INCONSISTENCY AND VARIATION
In addition to (and without limiting) any provisions relating to variation, the Company may vary the Terms and Conditions from time to time, in which case those new Terms and Conditions shall apply to every new Order after the Customer is notified in writing of the new Terms and Conditions. Subject to the foregoing and any other provision of the Terms and Conditions, any variation, amendment or consent to departure by any party from the Contract shall have no force or effect unless agreed in writing by the Company. If there is any inconsistency between the Terms and Conditions and the Order, the terms of the Order prevail to the extent of the inconsistency. Any terms or conditions put forward by the Customer in respect of the Goods and/or Services are null and void and of no effect unless accepted by the Company in writing. If the Customer wishes to vary the Contract (which the Company can accept or reject in its sole discretion), the Company reserves the right to also vary the Contract to take account of such changes and in that case the Company is entitled to suspend the supply of the Goods and/or Services until the Customer approves of the variations in writing.
The Company may assign its rights and obligations under any Contract at anytime. The Customer may not assign its rights or obligations under any Contract.

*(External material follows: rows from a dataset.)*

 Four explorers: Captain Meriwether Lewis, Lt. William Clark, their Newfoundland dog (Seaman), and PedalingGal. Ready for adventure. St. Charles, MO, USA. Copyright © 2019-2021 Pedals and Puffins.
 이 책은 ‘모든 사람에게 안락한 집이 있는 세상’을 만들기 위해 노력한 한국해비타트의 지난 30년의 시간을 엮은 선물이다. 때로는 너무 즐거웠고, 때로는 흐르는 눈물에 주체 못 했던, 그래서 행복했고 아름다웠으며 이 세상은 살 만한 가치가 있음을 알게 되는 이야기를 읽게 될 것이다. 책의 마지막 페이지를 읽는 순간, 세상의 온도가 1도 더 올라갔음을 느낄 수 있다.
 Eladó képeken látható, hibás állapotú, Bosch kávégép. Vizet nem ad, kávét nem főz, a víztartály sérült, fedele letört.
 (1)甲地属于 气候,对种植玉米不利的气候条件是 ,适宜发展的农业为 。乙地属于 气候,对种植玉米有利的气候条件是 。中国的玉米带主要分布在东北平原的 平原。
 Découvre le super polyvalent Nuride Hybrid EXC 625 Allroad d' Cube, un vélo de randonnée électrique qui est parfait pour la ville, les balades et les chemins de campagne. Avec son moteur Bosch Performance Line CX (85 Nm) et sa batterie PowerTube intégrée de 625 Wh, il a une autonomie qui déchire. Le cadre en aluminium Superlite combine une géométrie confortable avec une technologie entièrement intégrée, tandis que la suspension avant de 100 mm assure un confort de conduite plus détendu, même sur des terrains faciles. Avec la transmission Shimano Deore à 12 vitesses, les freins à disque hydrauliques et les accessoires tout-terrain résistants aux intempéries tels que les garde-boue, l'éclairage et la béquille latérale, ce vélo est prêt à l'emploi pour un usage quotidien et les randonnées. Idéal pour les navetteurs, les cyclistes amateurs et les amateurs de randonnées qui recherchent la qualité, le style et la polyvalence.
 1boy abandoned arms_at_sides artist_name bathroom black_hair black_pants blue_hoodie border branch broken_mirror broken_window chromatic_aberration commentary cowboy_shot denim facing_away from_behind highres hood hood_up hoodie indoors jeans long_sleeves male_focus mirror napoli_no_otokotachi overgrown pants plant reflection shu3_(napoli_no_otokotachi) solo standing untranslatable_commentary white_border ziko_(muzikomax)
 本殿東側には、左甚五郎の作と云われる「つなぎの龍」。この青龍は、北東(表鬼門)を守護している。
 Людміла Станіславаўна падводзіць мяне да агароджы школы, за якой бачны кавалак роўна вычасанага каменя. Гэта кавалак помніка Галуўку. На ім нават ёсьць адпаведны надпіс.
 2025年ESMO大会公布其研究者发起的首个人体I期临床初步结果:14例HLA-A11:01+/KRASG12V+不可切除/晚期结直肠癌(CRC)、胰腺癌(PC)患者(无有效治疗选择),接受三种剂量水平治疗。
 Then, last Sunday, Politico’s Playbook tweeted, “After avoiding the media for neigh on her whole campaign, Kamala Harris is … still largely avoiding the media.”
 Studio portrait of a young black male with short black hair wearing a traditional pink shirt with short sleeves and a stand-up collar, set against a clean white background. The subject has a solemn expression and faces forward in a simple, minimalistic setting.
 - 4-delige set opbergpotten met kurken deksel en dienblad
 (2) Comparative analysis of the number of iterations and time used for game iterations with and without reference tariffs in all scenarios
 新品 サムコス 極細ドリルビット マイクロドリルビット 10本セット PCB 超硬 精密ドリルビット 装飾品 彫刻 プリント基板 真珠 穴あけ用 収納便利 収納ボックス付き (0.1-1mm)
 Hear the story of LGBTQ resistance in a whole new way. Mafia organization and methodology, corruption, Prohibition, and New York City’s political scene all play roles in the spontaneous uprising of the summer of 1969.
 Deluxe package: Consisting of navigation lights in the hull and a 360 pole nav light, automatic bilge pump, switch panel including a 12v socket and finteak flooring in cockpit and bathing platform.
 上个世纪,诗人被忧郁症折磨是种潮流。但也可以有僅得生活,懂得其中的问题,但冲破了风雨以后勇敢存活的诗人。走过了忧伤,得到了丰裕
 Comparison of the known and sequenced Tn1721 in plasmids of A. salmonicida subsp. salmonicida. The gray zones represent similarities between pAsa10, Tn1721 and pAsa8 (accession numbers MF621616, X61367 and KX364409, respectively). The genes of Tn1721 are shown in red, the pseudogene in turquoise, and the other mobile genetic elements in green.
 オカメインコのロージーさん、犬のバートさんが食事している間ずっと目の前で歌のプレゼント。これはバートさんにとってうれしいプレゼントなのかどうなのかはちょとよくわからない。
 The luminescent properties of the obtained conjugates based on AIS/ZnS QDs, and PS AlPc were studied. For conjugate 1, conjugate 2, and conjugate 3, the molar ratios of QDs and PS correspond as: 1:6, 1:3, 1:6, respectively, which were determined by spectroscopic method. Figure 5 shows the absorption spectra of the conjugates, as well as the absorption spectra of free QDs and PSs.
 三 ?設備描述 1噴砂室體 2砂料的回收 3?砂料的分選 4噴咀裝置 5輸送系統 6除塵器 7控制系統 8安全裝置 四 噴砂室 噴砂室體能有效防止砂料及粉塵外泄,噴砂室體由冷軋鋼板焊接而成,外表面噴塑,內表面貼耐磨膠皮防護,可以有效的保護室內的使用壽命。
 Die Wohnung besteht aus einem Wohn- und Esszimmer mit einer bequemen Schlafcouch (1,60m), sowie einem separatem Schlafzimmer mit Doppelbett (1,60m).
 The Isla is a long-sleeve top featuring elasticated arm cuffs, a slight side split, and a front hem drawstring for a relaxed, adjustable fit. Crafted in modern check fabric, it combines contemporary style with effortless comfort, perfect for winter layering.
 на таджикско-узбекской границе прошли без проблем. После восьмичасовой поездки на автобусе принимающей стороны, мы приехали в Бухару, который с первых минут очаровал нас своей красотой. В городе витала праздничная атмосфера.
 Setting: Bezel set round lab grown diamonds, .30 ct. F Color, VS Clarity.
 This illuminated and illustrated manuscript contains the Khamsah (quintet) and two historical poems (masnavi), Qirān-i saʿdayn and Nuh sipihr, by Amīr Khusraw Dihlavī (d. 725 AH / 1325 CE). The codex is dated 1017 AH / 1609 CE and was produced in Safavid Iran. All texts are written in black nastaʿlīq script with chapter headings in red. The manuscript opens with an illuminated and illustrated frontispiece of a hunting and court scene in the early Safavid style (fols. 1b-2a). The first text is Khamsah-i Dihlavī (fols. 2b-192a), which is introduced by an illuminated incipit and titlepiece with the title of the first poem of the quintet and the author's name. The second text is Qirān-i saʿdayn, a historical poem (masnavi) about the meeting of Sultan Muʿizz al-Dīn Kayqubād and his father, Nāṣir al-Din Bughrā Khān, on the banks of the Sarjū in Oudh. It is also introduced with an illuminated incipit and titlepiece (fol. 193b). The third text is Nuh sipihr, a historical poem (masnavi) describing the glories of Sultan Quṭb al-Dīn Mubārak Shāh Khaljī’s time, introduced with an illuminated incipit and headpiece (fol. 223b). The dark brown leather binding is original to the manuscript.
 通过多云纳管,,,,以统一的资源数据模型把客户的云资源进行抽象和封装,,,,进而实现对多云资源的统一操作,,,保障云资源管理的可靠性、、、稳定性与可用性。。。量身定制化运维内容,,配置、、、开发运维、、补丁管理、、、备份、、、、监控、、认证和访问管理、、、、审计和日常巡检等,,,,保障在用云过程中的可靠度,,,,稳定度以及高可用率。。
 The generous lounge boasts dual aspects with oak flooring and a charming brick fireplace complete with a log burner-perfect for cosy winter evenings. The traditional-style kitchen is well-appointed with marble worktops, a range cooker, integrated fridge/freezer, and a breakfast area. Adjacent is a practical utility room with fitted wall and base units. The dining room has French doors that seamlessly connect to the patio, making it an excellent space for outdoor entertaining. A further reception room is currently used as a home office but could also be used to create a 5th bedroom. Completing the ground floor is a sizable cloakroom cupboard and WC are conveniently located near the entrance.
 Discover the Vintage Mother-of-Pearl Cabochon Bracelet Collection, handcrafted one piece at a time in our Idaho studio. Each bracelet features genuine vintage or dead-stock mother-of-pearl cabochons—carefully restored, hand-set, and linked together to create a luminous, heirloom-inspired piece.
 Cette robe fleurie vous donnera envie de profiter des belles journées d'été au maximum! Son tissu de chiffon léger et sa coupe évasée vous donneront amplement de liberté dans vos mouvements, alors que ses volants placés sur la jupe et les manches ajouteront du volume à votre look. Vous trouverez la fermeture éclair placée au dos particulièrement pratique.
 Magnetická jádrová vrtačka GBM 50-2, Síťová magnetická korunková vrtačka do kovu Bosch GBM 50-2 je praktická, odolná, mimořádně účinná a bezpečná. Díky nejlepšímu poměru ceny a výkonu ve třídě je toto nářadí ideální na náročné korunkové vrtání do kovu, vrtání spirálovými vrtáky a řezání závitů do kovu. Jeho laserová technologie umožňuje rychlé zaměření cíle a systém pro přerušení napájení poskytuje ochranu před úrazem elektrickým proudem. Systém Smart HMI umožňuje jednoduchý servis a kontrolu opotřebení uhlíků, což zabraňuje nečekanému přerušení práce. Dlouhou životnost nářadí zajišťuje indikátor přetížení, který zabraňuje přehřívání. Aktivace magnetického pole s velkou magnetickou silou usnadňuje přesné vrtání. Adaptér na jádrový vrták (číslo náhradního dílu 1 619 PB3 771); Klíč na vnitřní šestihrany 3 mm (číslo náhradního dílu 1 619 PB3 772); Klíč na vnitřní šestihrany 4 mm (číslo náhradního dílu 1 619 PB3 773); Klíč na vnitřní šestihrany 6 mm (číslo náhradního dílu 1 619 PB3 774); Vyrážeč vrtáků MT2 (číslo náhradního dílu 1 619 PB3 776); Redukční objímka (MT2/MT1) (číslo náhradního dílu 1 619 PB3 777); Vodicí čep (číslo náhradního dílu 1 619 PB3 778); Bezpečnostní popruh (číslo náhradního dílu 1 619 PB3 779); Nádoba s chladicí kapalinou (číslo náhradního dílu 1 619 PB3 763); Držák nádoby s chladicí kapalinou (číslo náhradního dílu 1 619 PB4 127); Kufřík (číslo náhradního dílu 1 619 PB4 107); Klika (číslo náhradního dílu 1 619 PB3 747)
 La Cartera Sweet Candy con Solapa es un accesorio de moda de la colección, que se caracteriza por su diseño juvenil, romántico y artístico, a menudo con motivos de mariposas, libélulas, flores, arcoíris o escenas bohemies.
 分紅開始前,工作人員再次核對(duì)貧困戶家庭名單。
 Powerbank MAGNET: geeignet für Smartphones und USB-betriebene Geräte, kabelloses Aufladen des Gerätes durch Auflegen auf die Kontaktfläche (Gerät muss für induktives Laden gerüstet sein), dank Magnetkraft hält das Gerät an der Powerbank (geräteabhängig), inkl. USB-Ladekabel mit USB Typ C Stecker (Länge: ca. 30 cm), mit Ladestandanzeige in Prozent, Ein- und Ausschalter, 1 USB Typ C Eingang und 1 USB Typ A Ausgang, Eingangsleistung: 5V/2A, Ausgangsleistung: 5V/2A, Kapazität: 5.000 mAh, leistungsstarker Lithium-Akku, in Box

In the Contract: (i) the Contract shall be governed by and construed in accordance with the laws of the State of New South Wales, Australia; (ii) any legal action or proceedings with respect to the Contract against any party or any of its property and assets may be brought in the Courts of the State of New South Wales, Australia and each party accepts, for itself and in respect of its property and assets, generally and unconditionally the jurisdiction of the Courts of that State; (iii) subject to the express written terms of the Contract, the Contract shall confer rights and benefits only upon a person expressed to be a party and not upon any other person; (iv) each party shall execute all documents and perform all acts necessary to give full effect to the Contract; (v) apart from any credit arrangements, the Contract expresses and incorporates the entire agreement between the parties in relation to its subject matter, and all the terms of that agreement, and supersedes and excludes any prior or collateral negotiation, understanding, communication, agreement, representation or warranty by or between the parties in relation to that subject matter or any term of that agreement. Neither party shall, after the Contract has been entered into, be entitled, as against the other party or other officers of any party, to bring suit on the basis of any verbal or written communications, representations, inducements, undertakings, agreements or arrangements except expressly as provided by the Contract or the credit arrangements; (vi) no provision of the Contract shall merge on completion of the Contract.